*Information supplied*:
··········

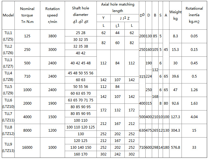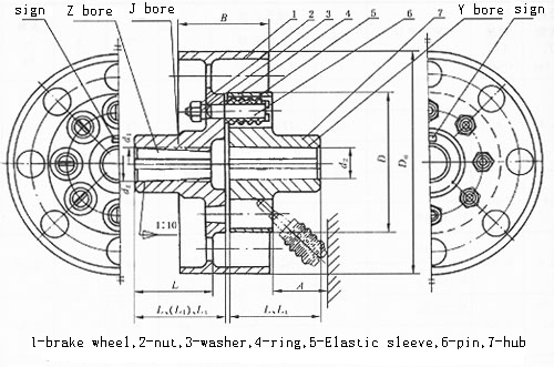 LTZ type with brake wheel elastic sleeve pin coupling is referred to as the pin coupling. The working temperature is -20~70°C; the transmission torque is 6.3~16000N.m; the shaft hole type is Y-shaped hole, J-shaped hole, J1 type hole, Z type hole; the pin bolt hole slope is 1:10; It has general shock absorption and certain two-axis offset compensation ability, convenient for disassembly and assembly, and can adapt to frequent and reverse multi-variable starting occasions. A wide range of common flexible couplings.
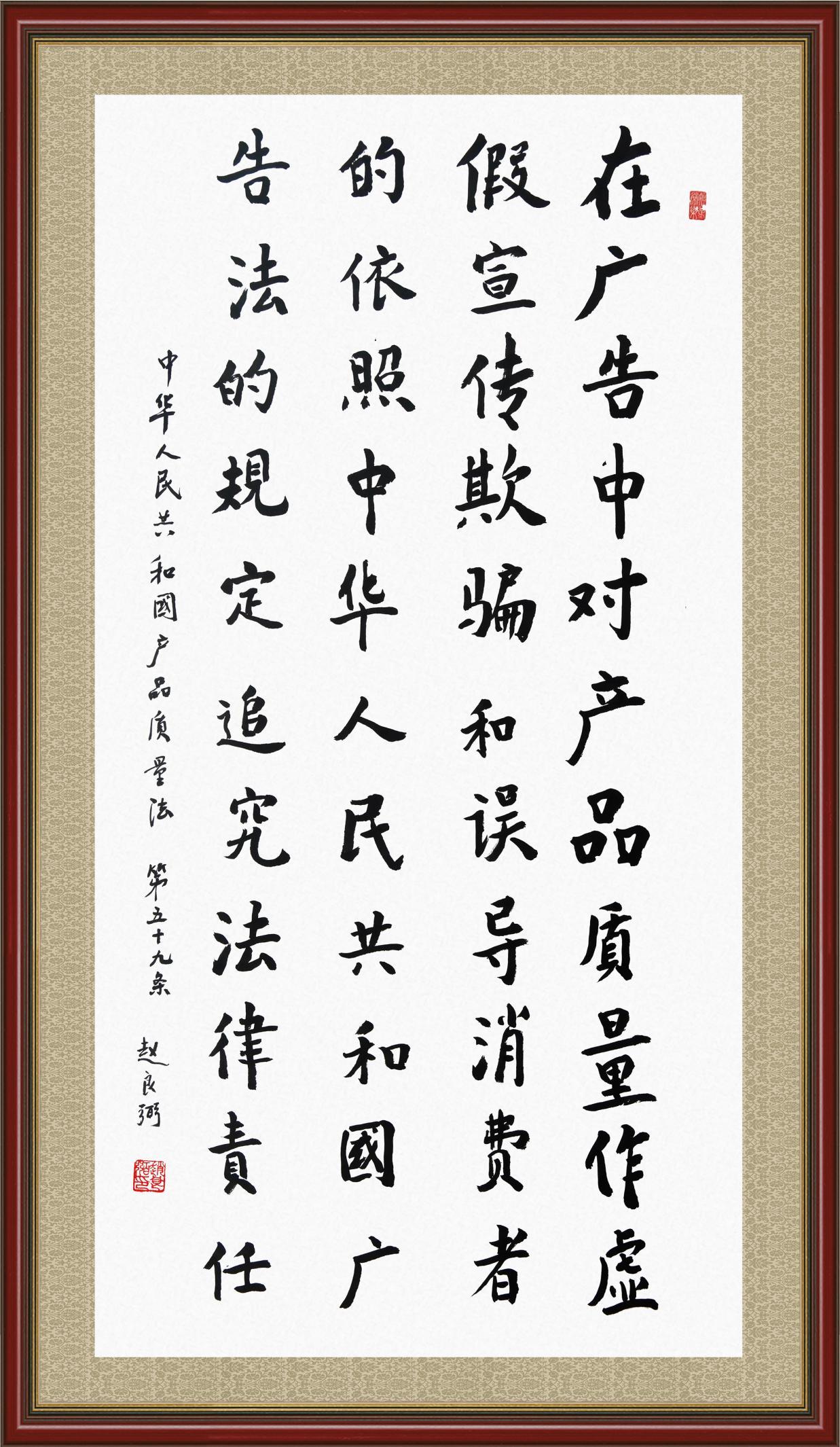 《中華人民共和國產(chǎn)品質(zhì)量法》自1993年9月1日起開始施行,先后進行三次修正。作為產(chǎn)品質(zhì)量領域的基本法律,產(chǎn)品質(zhì)量法對規(guī)范產(chǎn)品質(zhì)量管理、維護消費者合法權益、促進經(jīng)濟社會發(fā)展具有重要意義。為更好地學習、宣傳、貫徹這部法律,在國家市場監(jiān)督管理總局法規(guī)司的支持下,法治日報社開展了“‘書·法’系列活動之書寫《中華人民共和國產(chǎn)品質(zhì)量法》”活動。
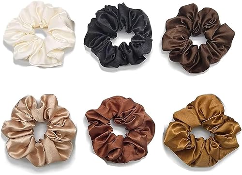 AREXOL - مجموعة من 6 ربطات شعر مطاطية كبيرة من الساتان الرائع للنساء والبنات، توك أستك للشعر ناعمة ولطيفة لا تسبب التلف، رائعة للتصفيفات اليومية والمظهر الأنيق
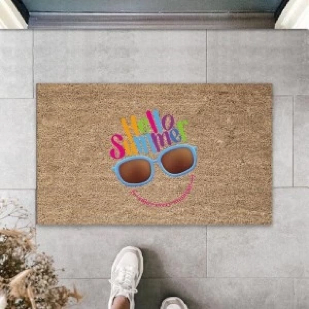 Kahverengi Kapı Önü Paspası Hello Summer Gözlük Desen K-3266

··········

*What you should do*: Keep every word of the data as it is when you write it out, but drop the pictures.

*Written solution*:
 LTZ type with brake wheel elastic sleeve pin coupling is referred to as the pin coupling. The working temperature is -20~70°C; the transmission torque is 6.3~16000N.m; the shaft hole type is Y-shaped hole, J-shaped hole, J1 type hole, Z type hole; the pin bolt hole slope is 1:10; It has general shock absorption and certain two-axis offset compensation ability, convenient for disassembly and assembly, and can adapt to frequent and reverse multi-variable starting occasions. A wide range of common flexible couplings.
 《中華人民共和國產(chǎn)品質(zhì)量法》自1993年9月1日起開始施行,先后進行三次修正。作為產(chǎn)品質(zhì)量領域的基本法律,產(chǎn)品質(zhì)量法對規(guī)范產(chǎn)品質(zhì)量管理、維護消費者合法權益、促進經(jīng)濟社會發(fā)展具有重要意義。為更好地學習、宣傳、貫徹這部法律,在國家市場監(jiān)督管理總局法規(guī)司的支持下,法治日報社開展了“‘書·法’系列活動之書寫《中華人民共和國產(chǎn)品質(zhì)量法》”活動。
 AREXOL - مجموعة من 6 ربطات شعر مطاطية كبيرة من الساتان الرائع للنساء والبنات، توك أستك للشعر ناعمة ولطيفة لا تسبب التلف، رائعة للتصفيفات اليومية والمظهر الأنيق
 Kahverengi Kapı Önü Paspası Hello Summer Gözlük Desen K-3266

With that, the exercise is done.